Emerging data suggest that Chinese coal consumption may have fallen in 2014, for the first time since 1998, as the country invested in renewable energy, GDP growth slowed, and air quality topped the political agenda.
Coal is the main source of China’s carbon emissions, followed by the cement sector. If the country’s coal use fell, then carbon emissions probably also fell, in the energy sector at least, since the two are so closely correlated.
That would be great news in the fight against climate change, given that China is the world’s biggest emitter, and its emissions have recently been growing by more than 5% per year.
But it would also be a Herculean feat. For China’s emissions to stand still, never mind fall, the carbon intensity of the economy (carbon emissions per unit of GDP growth) would have to fall by the same amount as the economy grew in 2014, i.e. by 7.4 percent.
The alternative is that something has gone wrong somewhere with the country’s coal consumption or GDP data.
I decided to investigate. I calculated historical changes in carbon intensity, using annual carbon emissions data from the energy company BP, and annual GDP from the World Bank. The World Bank GDP data were in constant international dollars, to control for exchange rates and inflation.
The findings were quite surprising.
In fact, China has achieved this before, according to these data, in 1998, when carbon intensity fell by 9.2%. It also fell by 8.8% in 1992, 7.4% in 1997 and 7.3% in 2007.
In an interesting parallel, 1998 was the last time that China embarked on a major effort to combat the environmental costs of rampant growth in coal output, including water and air pollution. Today, the main concern is air quality in the country’s cities from burning coal, and a big target has been less efficient coal-fired power plants; in 1998, it was the closure of inefficient coal mines.
Analysts reported the following in 2002, publishing in the journal Resources Policy. “Recognising the serious environmental impacts, the Chinese government enacted a guiding policy of ‘support, transform, rectify, unify and improve’ the small coal mines (SCMs) in 1994. Further rectification of the SCMs was carried out in 1997. By the closure policy in 1998, 14,700 illegal wells had been closed.”

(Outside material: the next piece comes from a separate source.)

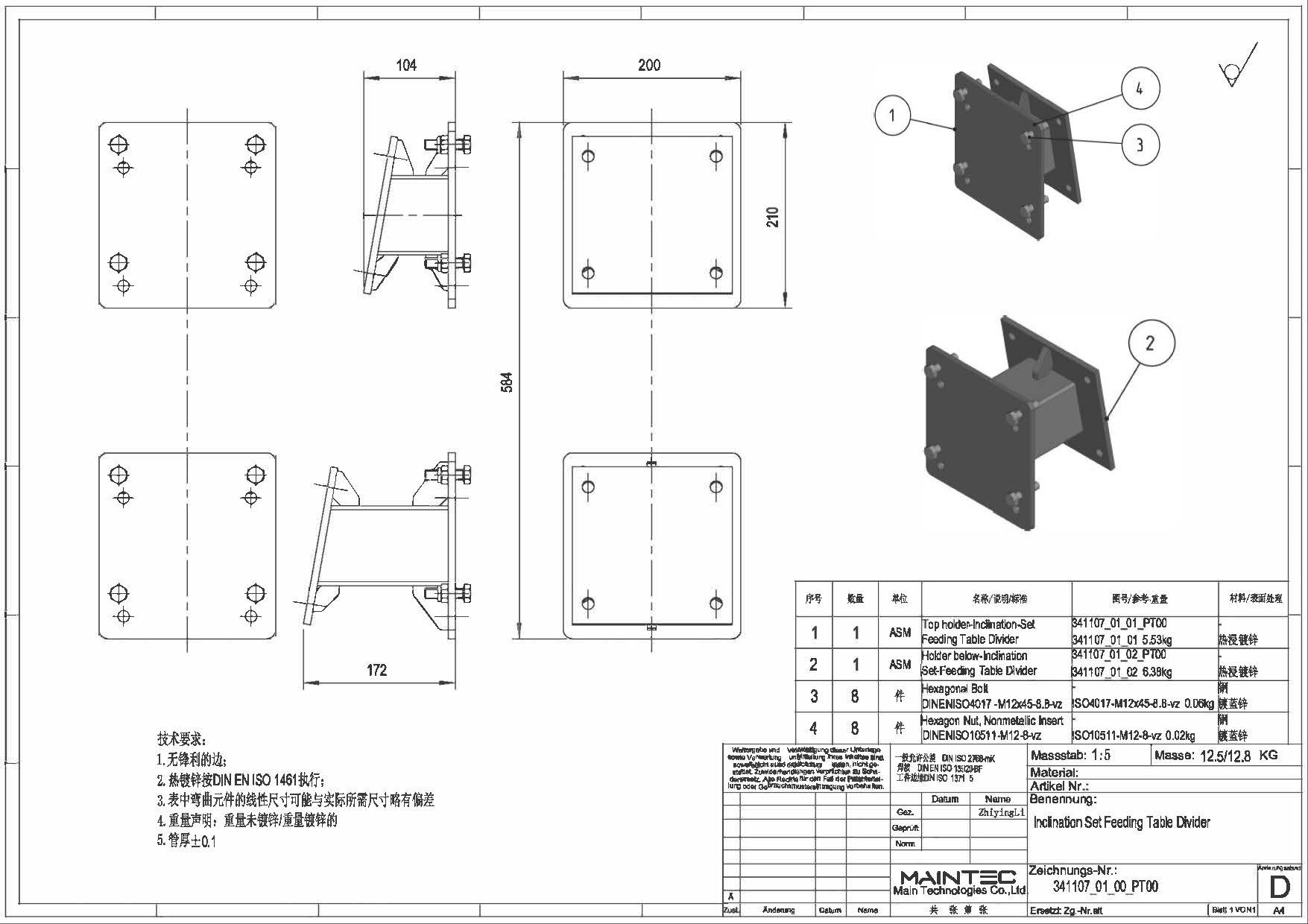 询盘信息询单号2404JG0012来自国家德国品名倾斜进料台挡板需求数量500报价截止日期2024/5/8图纸号341107_01_00_PT00工艺机加工+焊接材料见图纸生产周期(周)付款方式预付款,验收合格后支付尾款。询盘附件下载6384965137673254663158495.pdf报价单下载请在报价限定期内以附件形式将报价单发送至info@deguocheng.com6384965138982043059654164.xlsx
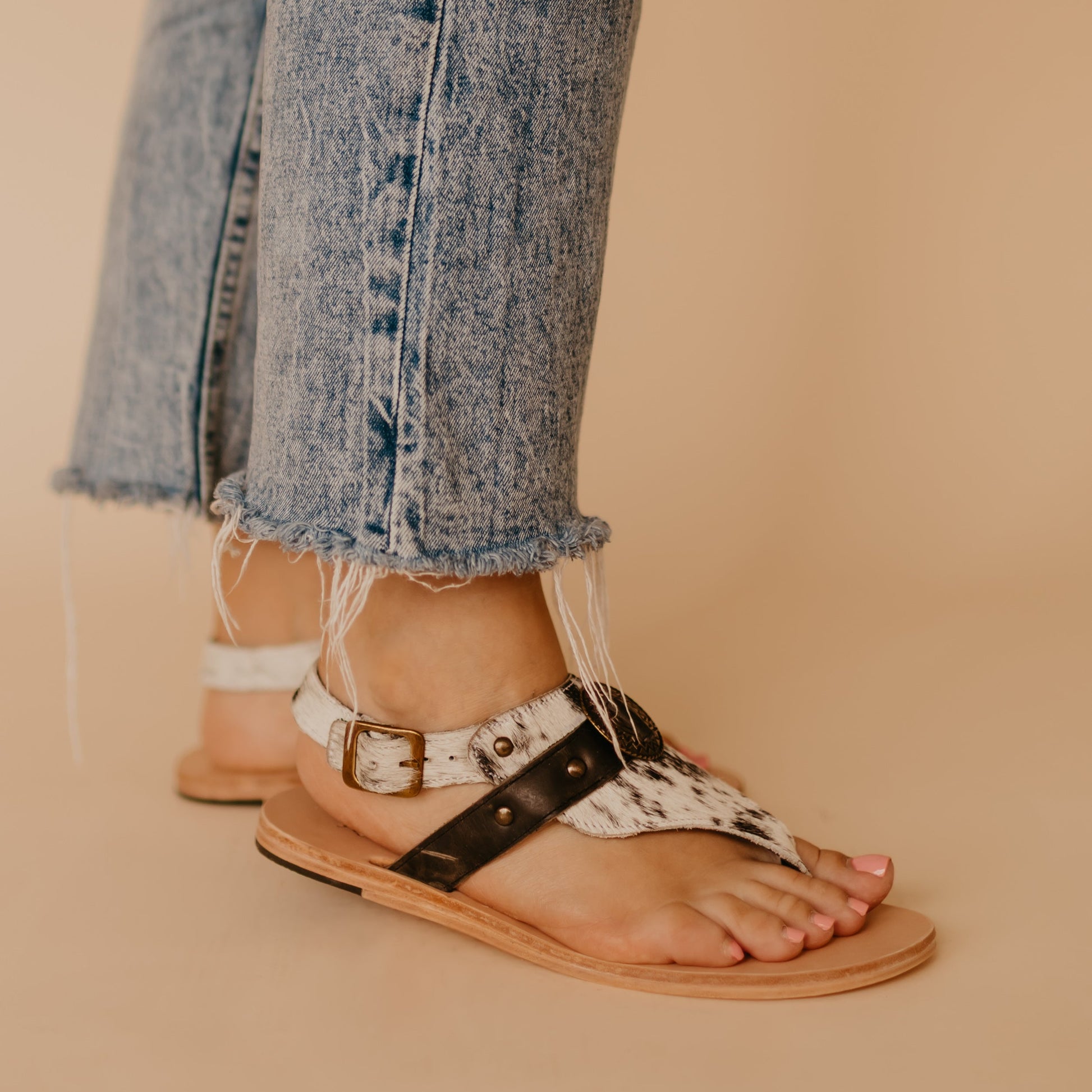 Our Connie cowhide Salt & Pepper sandals are hand cut from 100% natural cowhide and have ankle strap with a concho decoration

Given this precedent, it seems possible that China’s carbon emissions did fall last year, in the country’s latest environmental crackdown.
If so, one question is whether this time we are seeing a long-term, structural decline, which it certainly was not in 1998. Massive investment in low-carbon renewable energy, plus a maturing economy away from heavy industry towards the service sectors suggests that we are indeed seeing such a structural shift.
Another question is over the quality of the data, and a word of caution.
Research by the Oslo-based Centre for International Climate and Environmental Research (CICERO) shows that BP has repeatedly revised its 1998 data for Chinese coal consumption (see chart below). Originally, there was a much bigger dip, perhaps because of initial mis-reporting by provinces anxious to show that they were meeting targets to shut coal mines. Over time, BP has revised upwards actual coal consumption in 1998, as more accurate data emerged.
Perhaps we should wait, therefore, before believing that China’s coal consumption fell last year, under the government’s efforts to improve air quality. As CICERO’s Glen Peters suggested to me earlier today, statistics like wine are best consumed when mature.
Estimates that China’s coal consumption fell in 2014 are based on preliminary calculations, using data which suggest that domestic production fell, along with imports, while stocks rose. Official coal consumption figures have not yet been published. The China National Coal Association last month estimated that coal output fell and stocks rose, while, Chinese customs data show that imports fell.